British judges on Monday rejected a US request for the extradition of a man accused of hacking into thousands of US government computers in a ruling that could set a precedent for similar pending cases.
Lauri Love, 33, faces charges in the United States for allegedly hacking into the networks of the US Federal Reserve, US Army and NASA, among others, in 2012 and 2013.
“The reason I’ve gone through this ordeal is not just to save myself from being kidnapped and locked up for 99 years in a country I’ve never visited, said Love, who has dual British and Finnish citizenship.
Love suffers from Asperger’s syndrome and has also been diagnosed with depression. He was arrested at his home in Britain in October 2013.

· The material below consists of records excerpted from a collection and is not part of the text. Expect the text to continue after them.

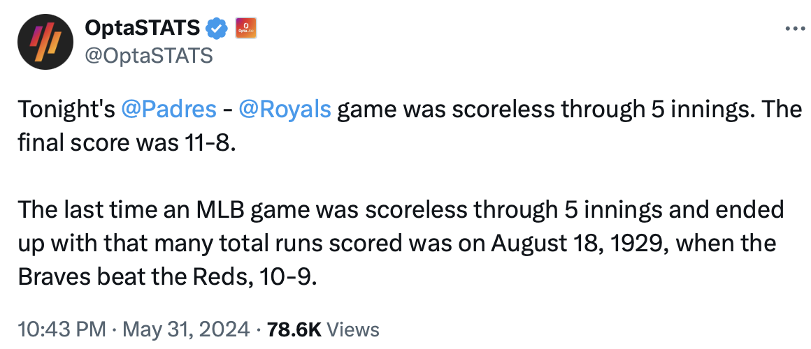 The challenge for Ragans was navigating the sixth as the Padres would be sending the heart of their order up for the third time against the Royals ace lefty. Except one of the things that have made Ragans so good, especially this year, is how he gets stronger as the game unfolds. This year, opposing batters are hitting just .207/.303/.278 against Ragans when they see him for a third time. That’s good for an OPS+ of 58. Damn, that’s impressive.
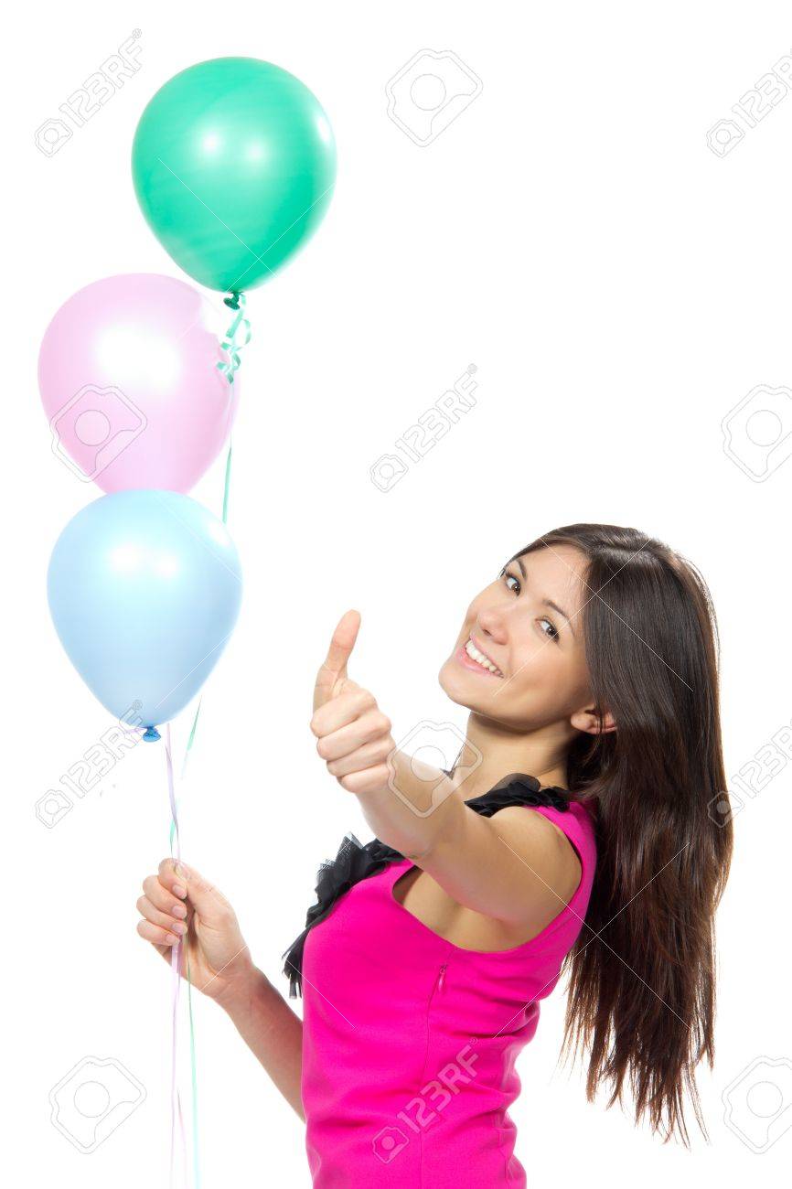 Mujer Joven Feliz Con Globos Para La Fiesta De Cumpleanos Presenta Sonriente Y Mostrando El Pulgar Hacia Arriba Sobre Un Fondo Blanco Fotos Retratos Imagenes Y Fotografia De Archivo Libres De Derecho
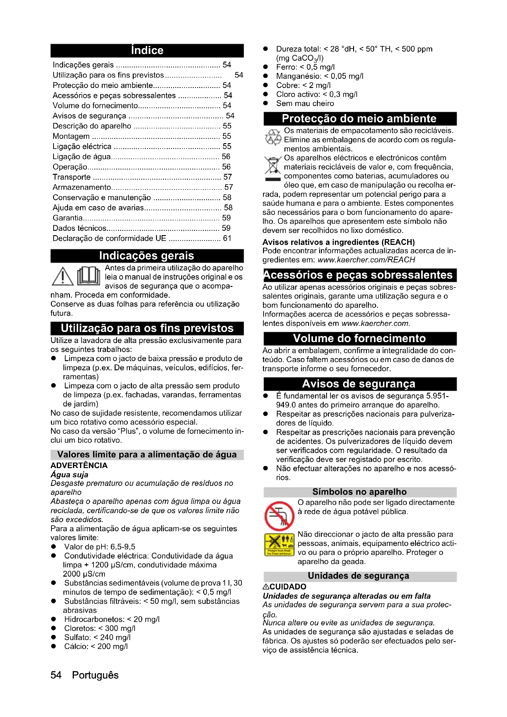 Chairman of the Board of Management Director Regulatory Affairs & Certification H. Jenner S. Reiser54 Português Índice Indicações gerais Antes da primeira utilização do aparelho leia o manual de instruções original e os avisos de segurança que o acompa- nham. Proceda em conformidade. Conserve as duas folhas para referência ou utilização futura. Utilização para os fins previstos Utilize a lavadora de alta pressão exclusivamente para os seguintes trabalhos: Limpeza com o jacto de baixa pressão e produto de limpeza (p.ex. De máquinas, veículos, edifícios, fer- ramentas) Limpeza com o jacto de alta pressão sem produto de limpeza (p.ex. fachadas, varandas, ferramentas de jardim) No caso de sujidade resistente, recomendamos utilizar um bico rotativo como acessório especial. No caso da versão “Plus”, o volume de fornecimento in- clui um bico rotativo. Valores limite para a alimentação de água ADVERTÊNCIA Água suja Desgaste prematuro ou acumulação de resíduos no aparelho Abasteça o aparelho apenas com água limpa ou água reciclada, certificando-se de que os valores limite não são excedidos. Para a alimentação de água aplicam-se os seguintes valores limite: Valor de pH: 6,5-9,5 Condutividade eléctrica: Condutividade da água limpa + 1200 µS/cm, condutividade máxima 2000 µS/cm Substâncias sedimentáveis (volume de prova 1 l, 30 minutos de tempo de sedimentação): < 0,5 mg/l Substâncias filtráveis: < 50 mg/l, sem substâncias abrasivas Hidrocarbonetos: < 20 mg/l Cloretos: < 300 mg/l Sulfato: < 240 mg/l Cálcio: < 200 mg/l Dureza total: < 28 °dH, < 50° TH, < 500 ppm (mg CaCO

“But it’s to set a precedent whereby this will not happen to other people in the future,” Love told reporters outside High Court in London.
“If there is suspected criminality then it will be tried here in the UK and America will not try to exercise exorbitant extra-territorial jurisdiction.” Kaim Todner, the law firm representing Love, hailed what it called a “landmark judgement”.
“The British justice system has taken the stance that we should deal with the matter ourselves, rather than accept the US government’s demands,” it said.
“It has also been recognised that mental health provisions in US prisons are not adequate to satisfy us that Lauri would not have come to serious harm if he were extradited,” the firm said in a statement.
Judge Ian Burnett handed down the ruling, to cheers from people in the court’s public gallery.
The defense said the United States now has 14 days in which to appeal the ruling at the UK Supreme Court.
Love had appealed against a 2016 British court ruling that he could be extradited to the United States to face the charges.